**Work task**
Beneath this line are entries. Copy the range from the line with "Description Beautifully Textured" to the line with "December 4th 1783, during", ends included, exactly; leave pictures out.

**Extracted entries**
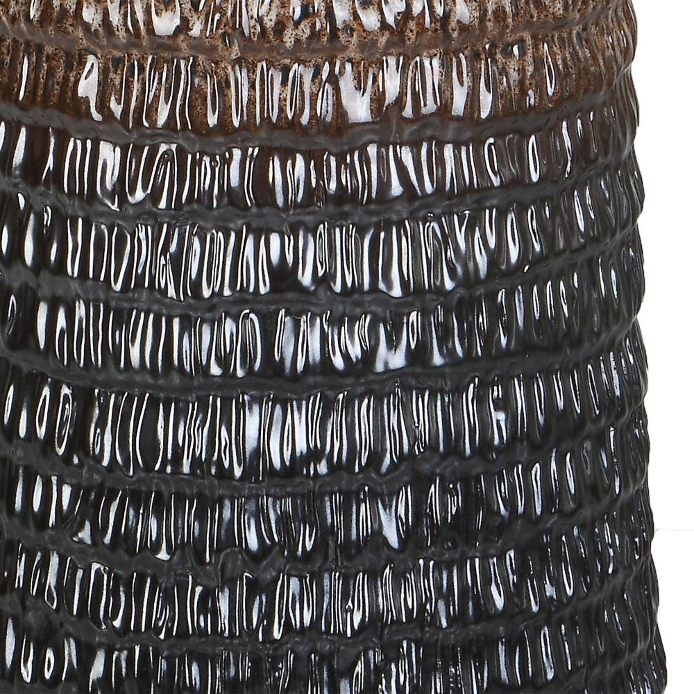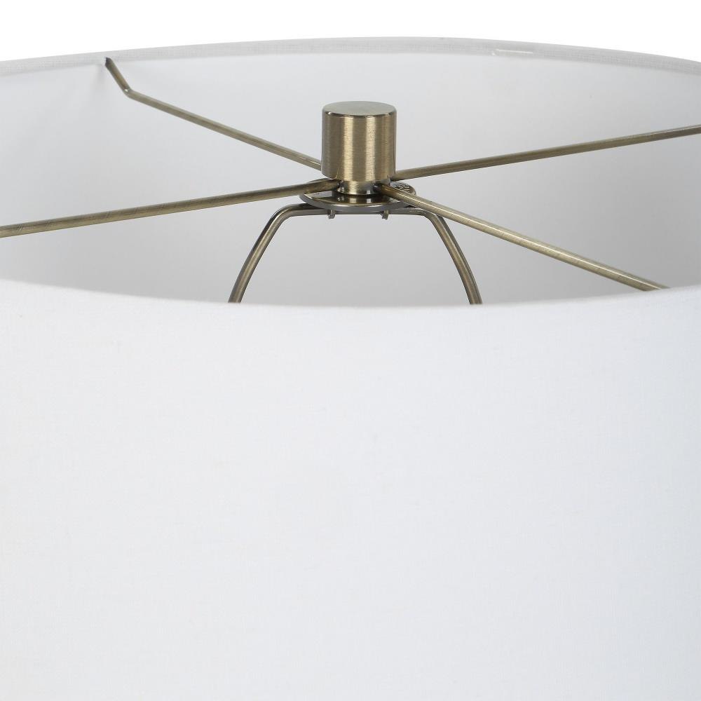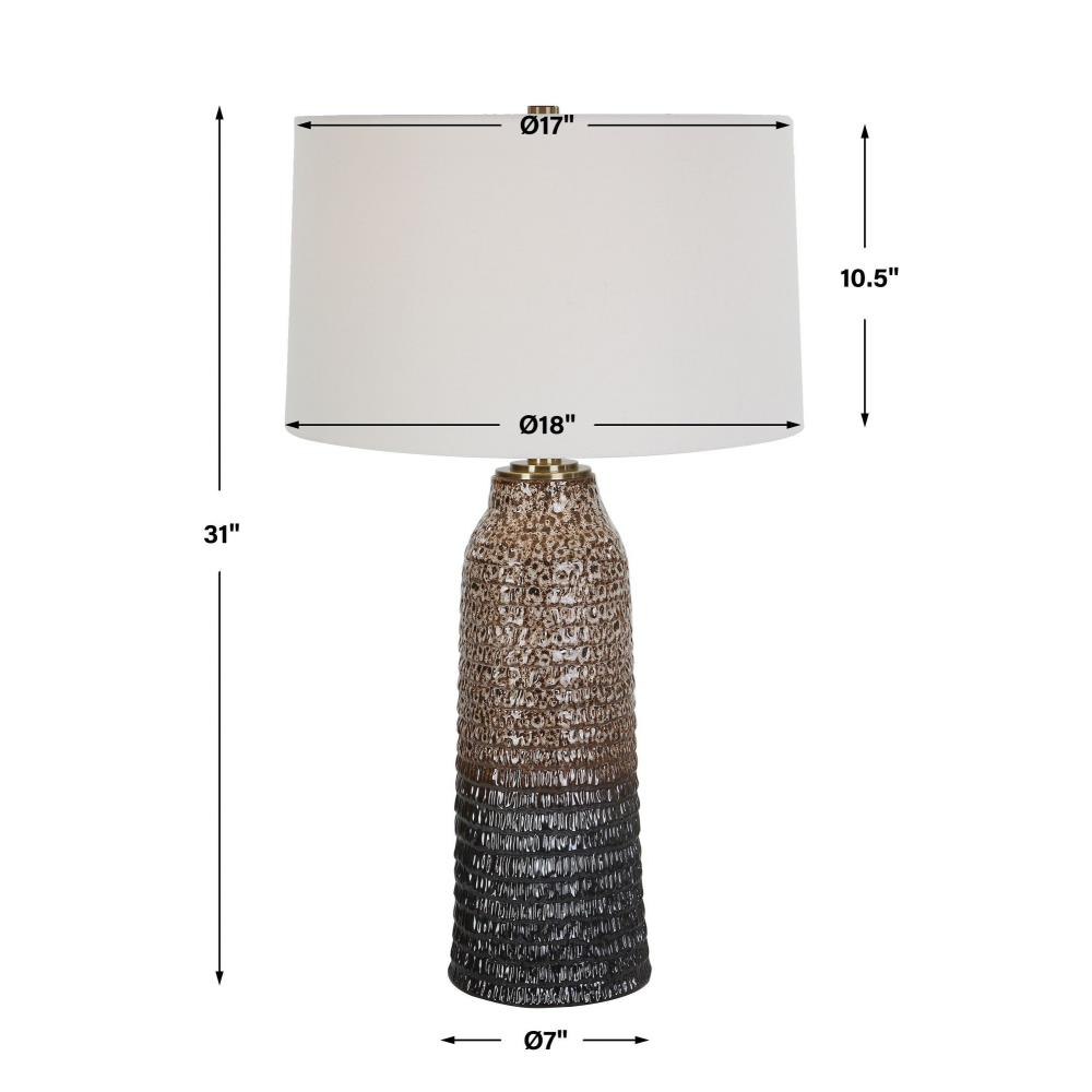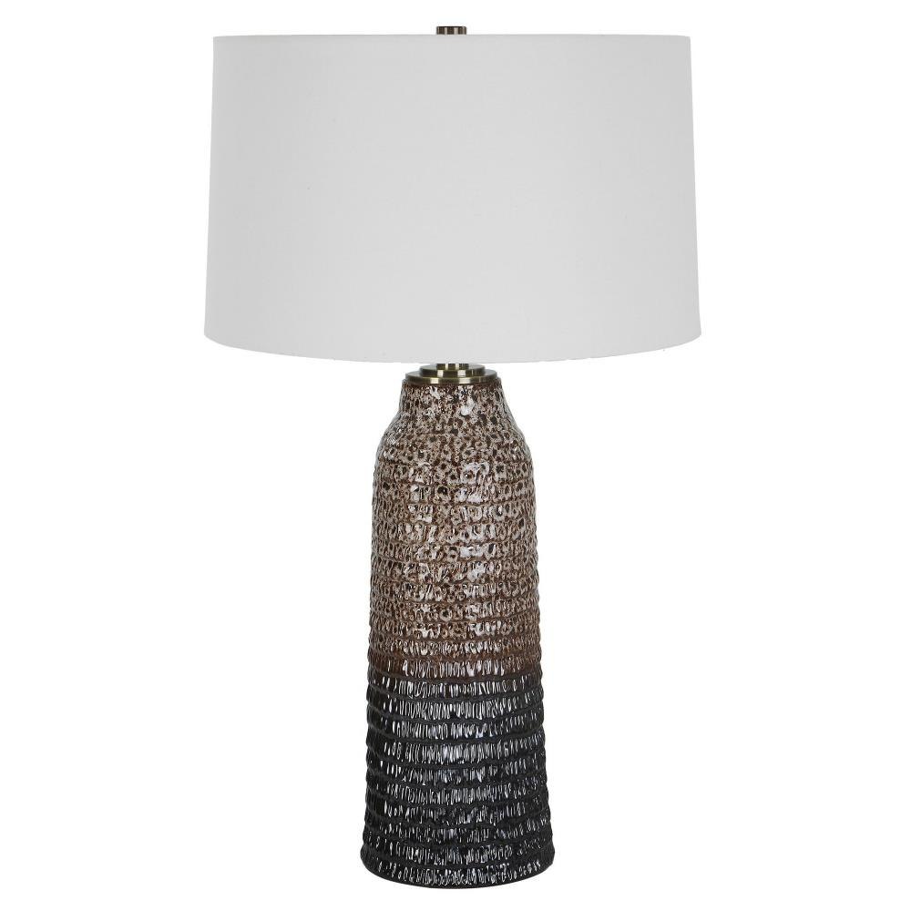 This Table Lamp Displays A Unique, Organic Feel With A Carved Ceramic Base Finished In A Mottled Ombre Effect From Aged Ivory Down To Dark Chocolate, Accented With Plated Brushed Brass Details. Paired With A Tapered Hardback Drum Shade Covered In A Casual White Linen Fabric.
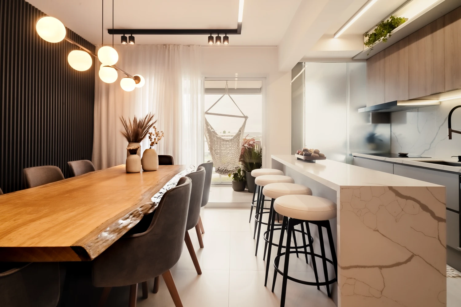 Apartamento totalmente automatizado com Alexa, oferecendo controle inteligente de iluminação e dispositivos — uma combinação perfeita entre tecnologia, comodidade e modernidade.
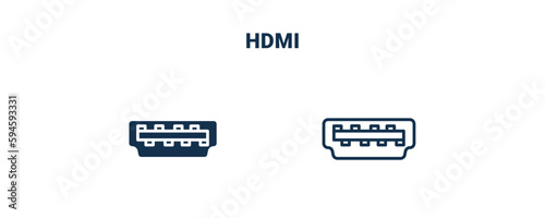 hdmi icon. Outline and filled hdmi icon from electronic device and stuff collection. Line and glyph vector isolated on white background. Editable hdmi symbol.
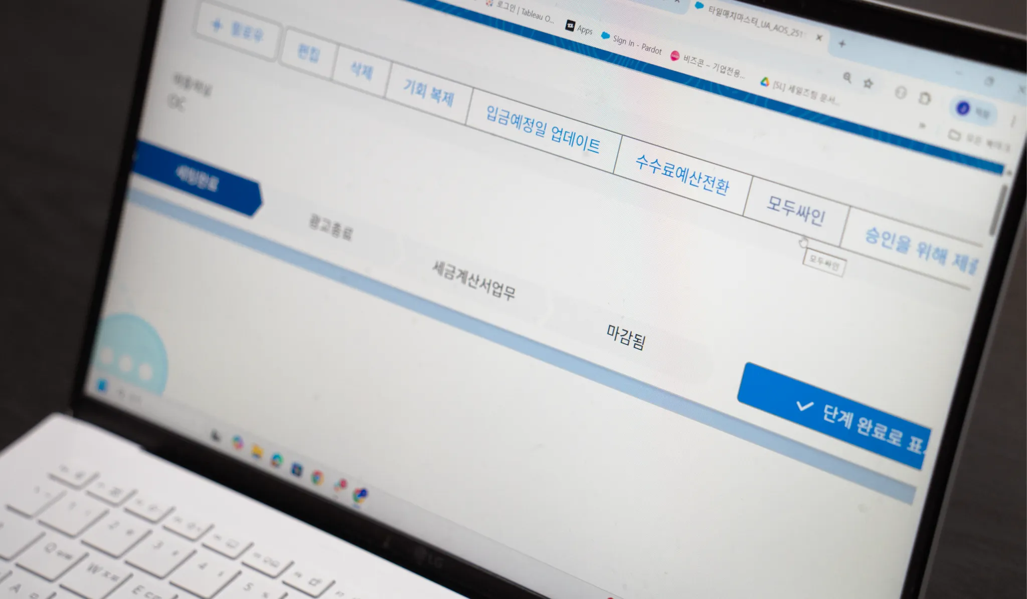 A. 세일즈포스 기회 페이지에 [모두싸인] 전자계약 버튼을 연결해두었습니다. 모두싸인 발송만 누르면 해당하는 데이터들이 바로 매칭이 되고 광고게재신청서 등의 문서가 발송됩니다. 세일즈포스에서 1개의 기회는 광고 계약 1개를 의미하는데요, 한 달에 많을 때에는 500개 이상을 다루기도 해, 버튼만 눌러서 문서를 발송할 수 있으니 정말 편리합니다.
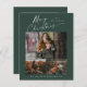 Cartão de Natal Fotográfico 3 do Script de Natal de Orçamento com tipografia manuscrita elegante e 3 fotos na frente. As costas têm uma foto de solteiro. Clique no botão editar para personalizar este design.
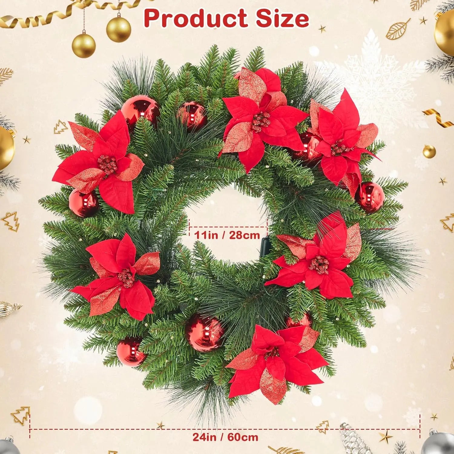 Create instant festive warmth with a 24-inch pre-lit wreath that brightens doors, mantels, and windows with a subtle winter glow.
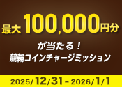 応募不要 12月31日(水)-1月1日(木・祝)は最大97%の方に最大10万円分が当たる!競輪コインチャージキャンペーン
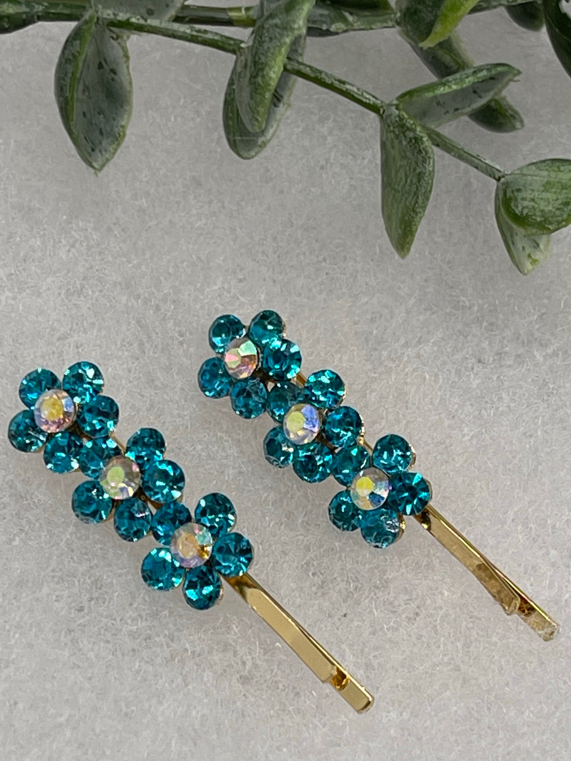 Teal blue crystal rhinestone flowers approximately 2.0” gold tone hair pins 2 pc set wedding bridal shower engagement formal princess accessory accessories
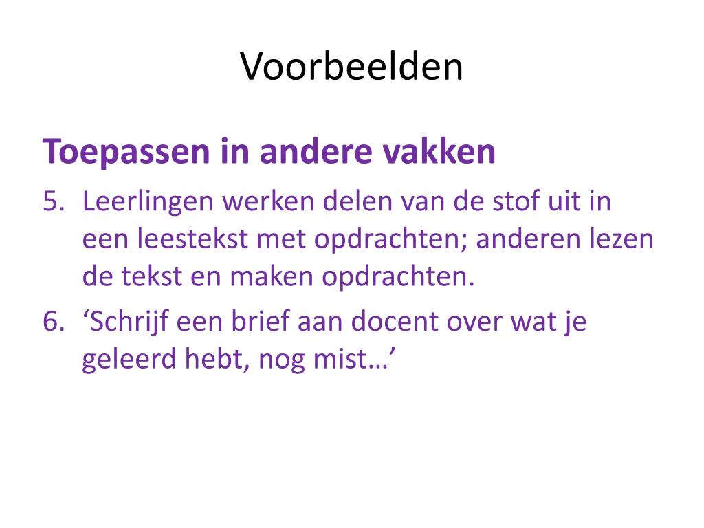 Voorbeelden Toepassen in andere vakken • Leerlingen werken delen van de stof uit in een leestekst met opdrachten; anderen lezen de tekst en maken opdrachten. • ‘Schrijf een brief aan docent over wat je geleerd hebt, nog mist…’
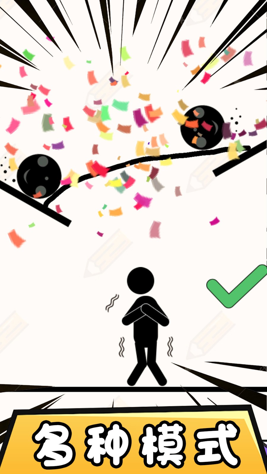 2、采用经典的火柴人画风,场景和角色都由简单的线条和色块构成。这种极简设计去除了所有视觉干扰,将玩家的注意力100%集中在关卡。
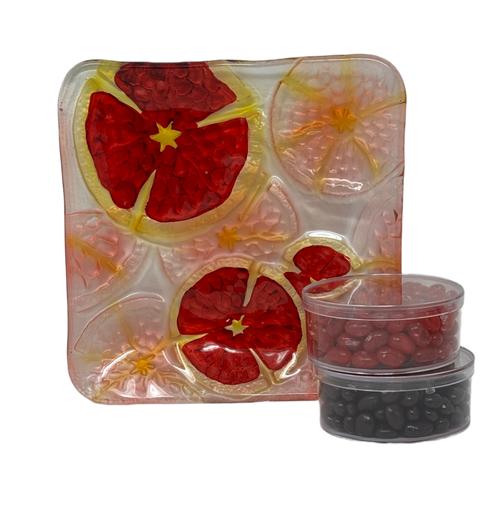 Description Beautifully Textured Glass Dish With A Vibrant Pomegranate Design -Sure To Enhance Your Rosh Hashanah Table Filled With Delicious Candy And Chocolate Wrapped With An Elegant Ribbon
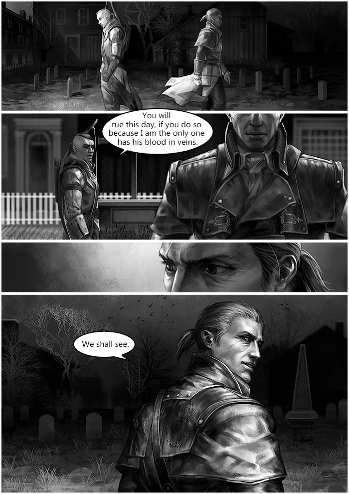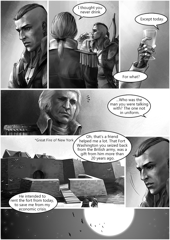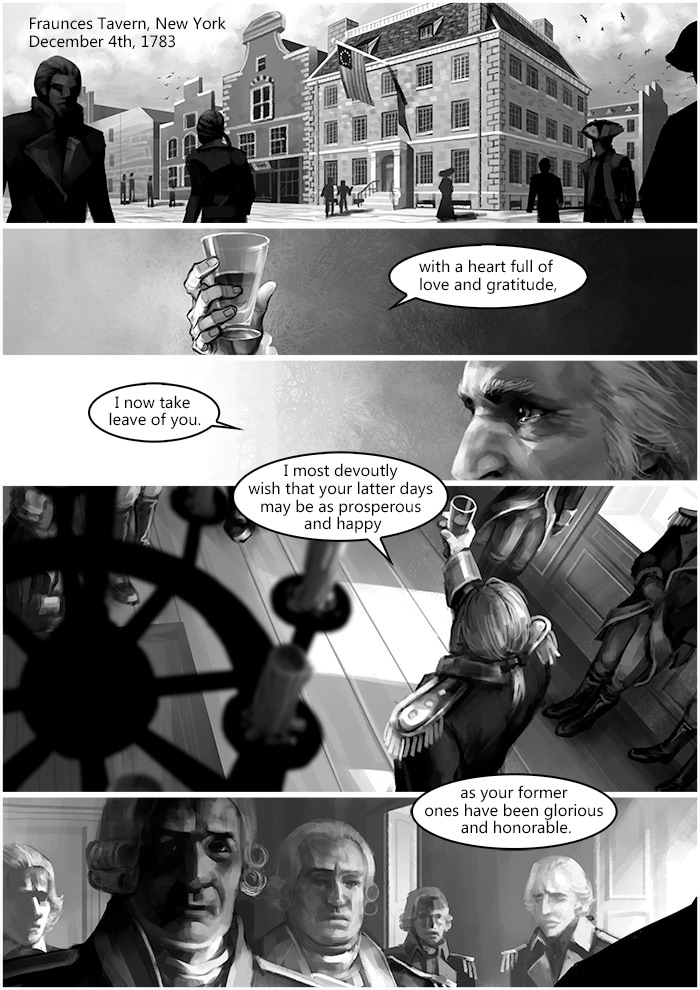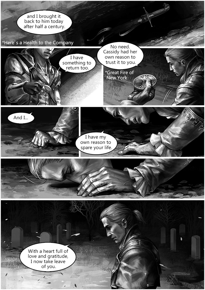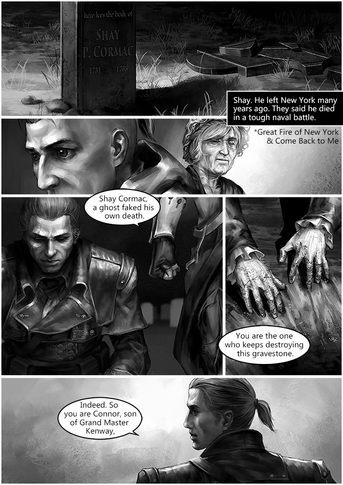 December 4th 1783, during George Washington’s farewell to his officers at Fraunces Tavern, Connor met Shay. Later that night, Shay brought a birthday gift, which from 50 years ago, to Haytham’s grave. From then on until 1863, the whole New York was under Templar’s control, due to the Assassin hunter group built by Cormac family.
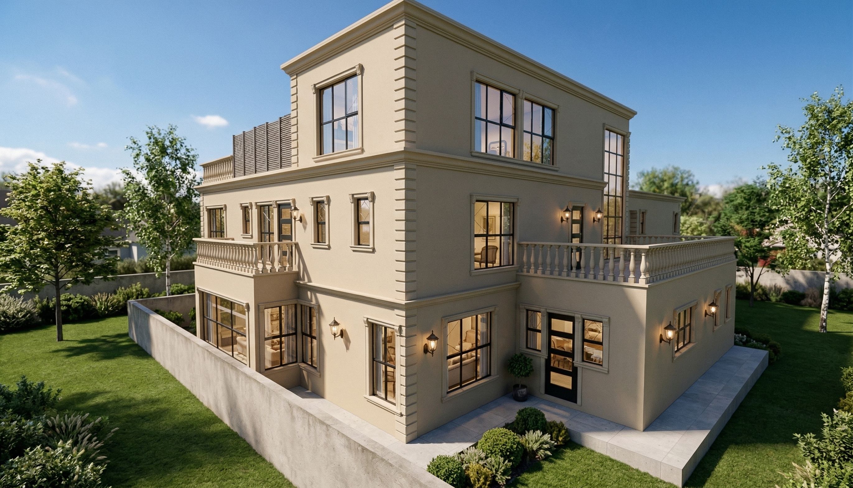 PromptCreate a daytime ultra-photorealistic architectural render of a classical residence. The house features symmetrical classical proportions with smooth warm beige plaster walls, decorative corner quoins, moulded cornices, and black aluminium framed windows and doors with clear reflective glazing. A projecting upper floor volume forms a covered carport supported by slender classical columns, sheltering cars beneath. Surround the house with a neatly maintained lawn and integrate lush landscaping including low ornamental bushes and trimmed shrubs along the foundation edges. Add several medium-height trees and soft background vegetation beyond the boundary wall to create depth and a natural suburban setting. Lighting should depict bright natural daylight under a clear sky, producing soft but defined shadows across the façade. All exterior lantern-style wall lights mounted beside doors and windows should be turned on, and interior lighting should also be visible through the windows to create a lived-in atmosphere., keep exact camera angle, keep exact camera angle
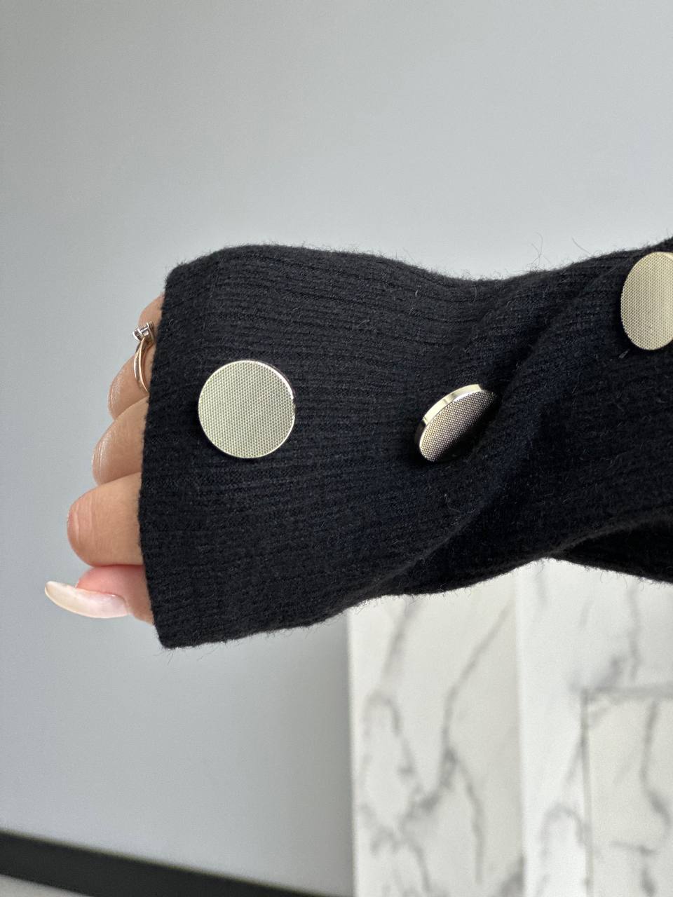 Dzianinowy komplet wykonany z wysokiej jakości materiałów zapewnia trwałość i komfort noszenia. W zestawie znajduje się spódnica z elastycznym ściągaczem w pasie oraz wygodny sweter z ozdobnymi, złotymi guzikami na mankietach. To stylowa i praktyczna propozycja na wiele okazji.
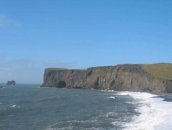 Сказался недостаток точных описаний – поворачивать к океану надо было не доезжая до Вик. Моем ноги в Атлантике, гуляем по черному песку, находим морских звезд, и едем в обратную сторону, где мы видели значок «достопримечательность», который выглядит следующим образом Километрах в 10-15 не доезжая Вик (если ехать от Рейкьявика) есть поворот на 218 дорогу на Dyrholaey, куда и надо сворачивать на обзорную площадку. Долго бродим, любуемся скалами, фотографируем. Заезжаем на маяк, откуда открывается потрясающий вид на Атлантику. Это самая южная точка острова.
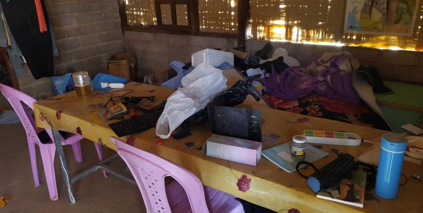 ရွှေဖီမြေ သတင်းအေဂျင်စီက အယ်ဒီတာတစ်ဦးက “ဝင်းတံခါးသော့ကို သံဖြတ်စက်လိုဟာမျိုးနဲ့ပဲ သေချာသုံးပြီးတော့ ဖြတ်ပြီးတော့ ဝင်လိုက်တယ်။ နောက် အထဲက ရုံးခန်းကိုခတ်ထားတဲ့ သော့ကိုလည်း အဲ့အတိုင်းပဲ ဖြတ်ပြီးမှဝင်တယ်။ ပြီးရင် ရုံးခန်းထဲရယ် အိပ်ခန်းသုံးခန်းလုံးရယ်ကို အိပ်ယာခင်းတွေ၊ စောင်တွေ၊ အဝတ်အစားထည့်တဲ့ ပုံးတွေ၊ အဝတ်အစားအိတ်တွေ အကုန်လုံး မွှေနှောက်သွားတယ်။ ရုံးမှာ ကျနော်တို့ ရွာတွေဘက်သွားရင် လှူဖို့ရထားတဲ့ စောင်အသစ်တွေပေါ့နော် အဝတ်အစားတွေရယ်၊ Song Box တချို့တွေရယ် အဲ့ဒါတွေ အကုန်လုံးလည်း မွှေထားတယ်။ မွှေပြီးတော့ ဒီတိုင်းပဲ ပစ်ထားခဲ့တာပေါ့။ တွေ့မိသလောက်တော့ ပစ္စည်းယူတာမျိုးတော့ မတွေ့ရဘူး” ဟု ပြောသည်။

**Completed task**
 Description Beautifully Textured Glass Dish With A Vibrant Pomegranate Design -Sure To Enhance Your Rosh Hashanah Table Filled With Delicious Candy And Chocolate Wrapped With An Elegant Ribbon
 December 4th 1783, during George Washington’s farewell to his officers at Fraunces Tavern, Connor met Shay. Later that night, Shay brought a birthday gift, which from 50 years ago, to Haytham’s grave. From then on until 1863, the whole New York was under Templar’s control, due to the Assassin hunter group built by Cormac family.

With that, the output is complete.